**Try it:** Take the line that contains "Графическая интерпретация функции" and each line after it to the end of the data below, and set them down exactly, omitting pictures.

**Input data:**

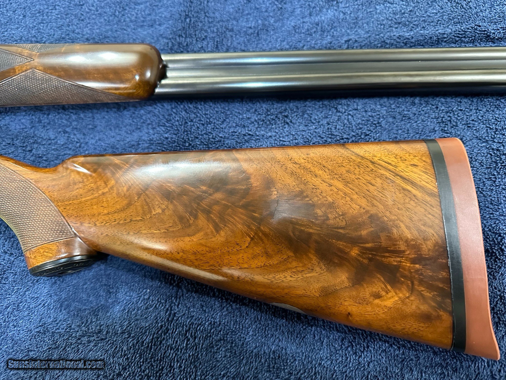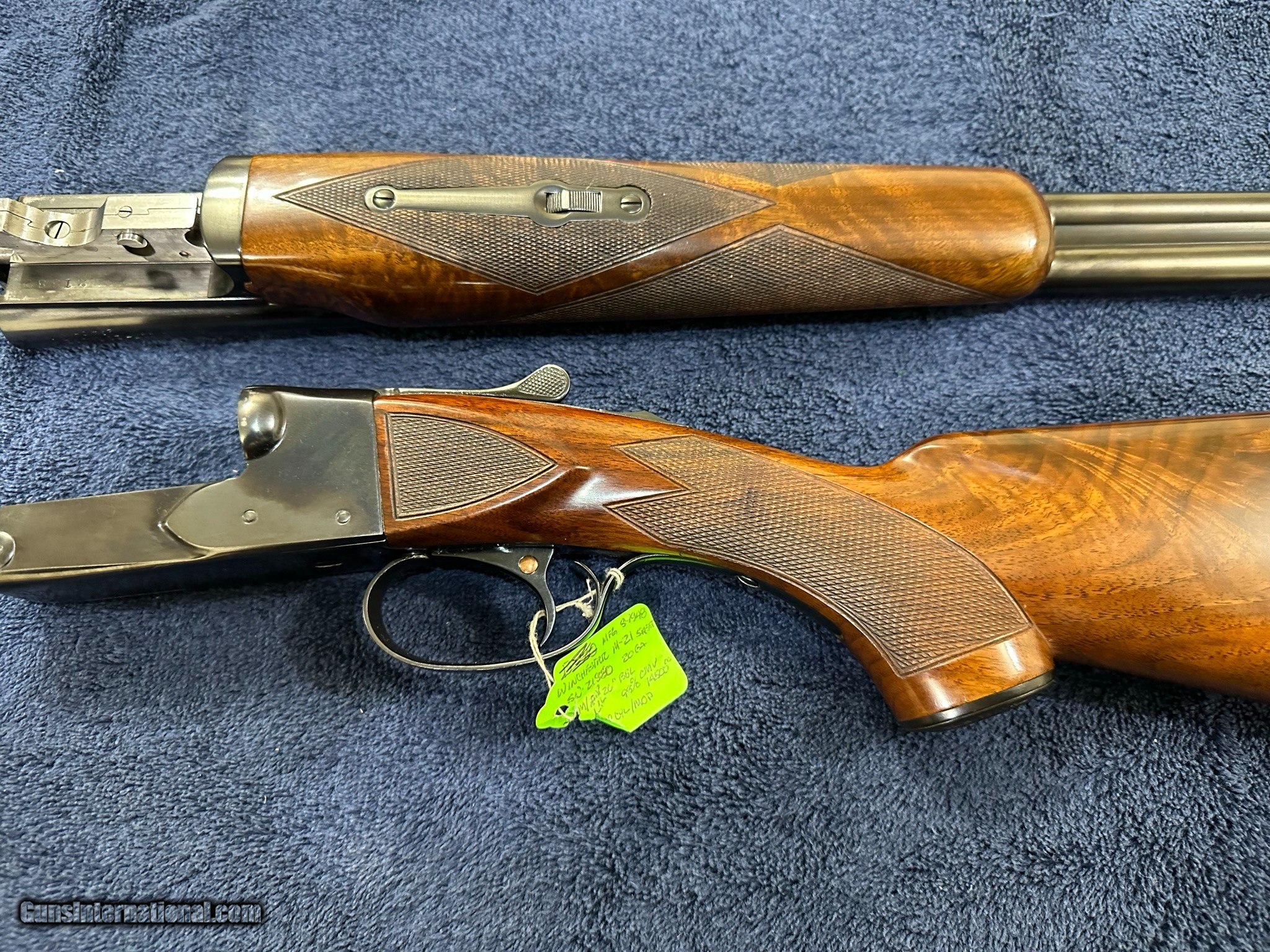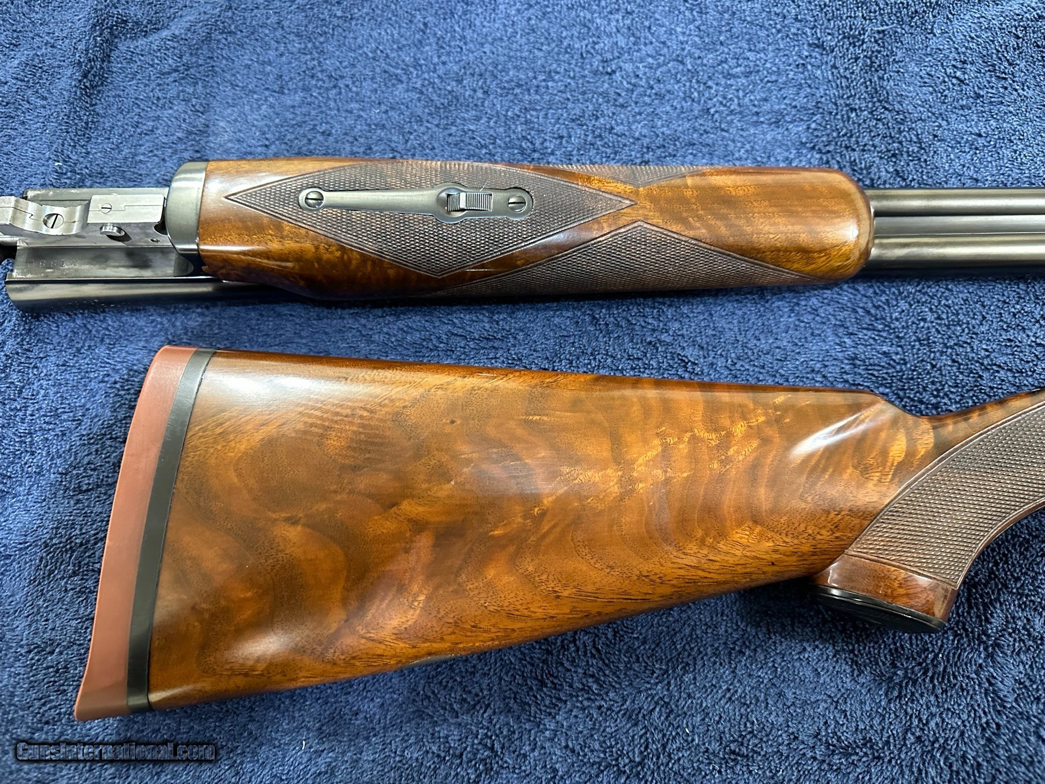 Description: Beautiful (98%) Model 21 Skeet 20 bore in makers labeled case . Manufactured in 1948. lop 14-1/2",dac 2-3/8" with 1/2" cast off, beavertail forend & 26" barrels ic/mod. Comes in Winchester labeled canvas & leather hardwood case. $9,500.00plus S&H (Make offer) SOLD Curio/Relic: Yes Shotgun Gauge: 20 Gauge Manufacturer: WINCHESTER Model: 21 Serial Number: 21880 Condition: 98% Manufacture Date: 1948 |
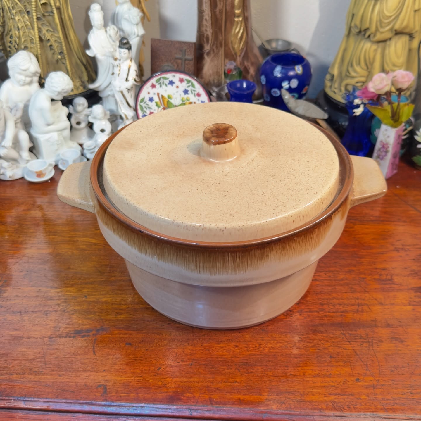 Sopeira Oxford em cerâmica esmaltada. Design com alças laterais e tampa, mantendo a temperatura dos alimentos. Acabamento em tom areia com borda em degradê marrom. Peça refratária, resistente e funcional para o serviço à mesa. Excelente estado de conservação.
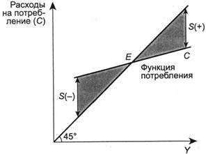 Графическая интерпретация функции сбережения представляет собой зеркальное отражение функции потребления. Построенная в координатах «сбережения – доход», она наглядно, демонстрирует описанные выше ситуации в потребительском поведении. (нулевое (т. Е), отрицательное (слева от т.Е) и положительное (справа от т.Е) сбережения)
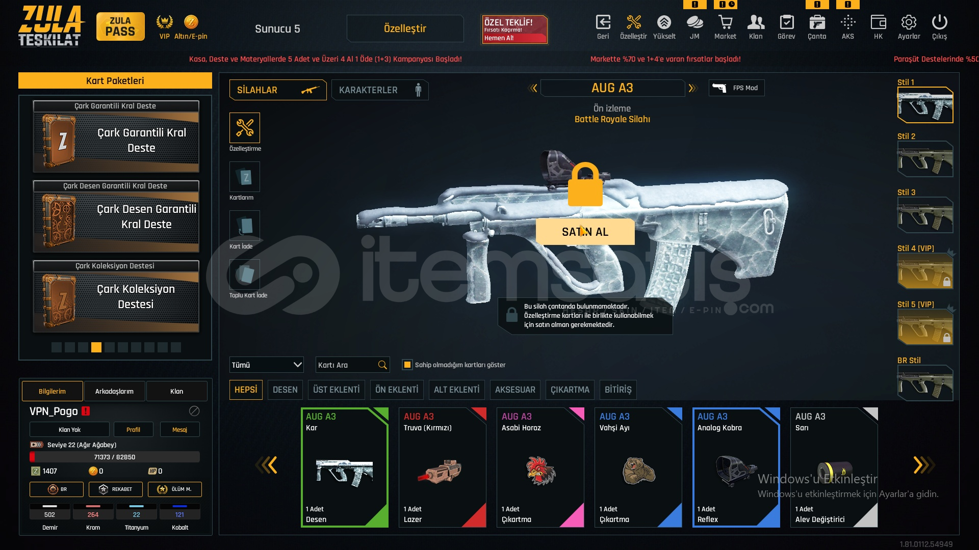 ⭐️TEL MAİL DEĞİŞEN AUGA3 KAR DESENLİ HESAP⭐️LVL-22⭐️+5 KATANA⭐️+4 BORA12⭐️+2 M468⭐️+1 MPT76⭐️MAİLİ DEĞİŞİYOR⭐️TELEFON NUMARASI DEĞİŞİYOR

**Task answer:**
 Графическая интерпретация функции сбережения представляет собой зеркальное отражение функции потребления. Построенная в координатах «сбережения – доход», она наглядно, демонстрирует описанные выше ситуации в потребительском поведении. (нулевое (т. Е), отрицательное (слева от т.Е) и положительное (справа от т.Е) сбережения)
 ⭐️TEL MAİL DEĞİŞEN AUGA3 KAR DESENLİ HESAP⭐️LVL-22⭐️+5 KATANA⭐️+4 BORA12⭐️+2 M468⭐️+1 MPT76⭐️MAİLİ DEĞİŞİYOR⭐️TELEFON NUMARASI DEĞİŞİYOR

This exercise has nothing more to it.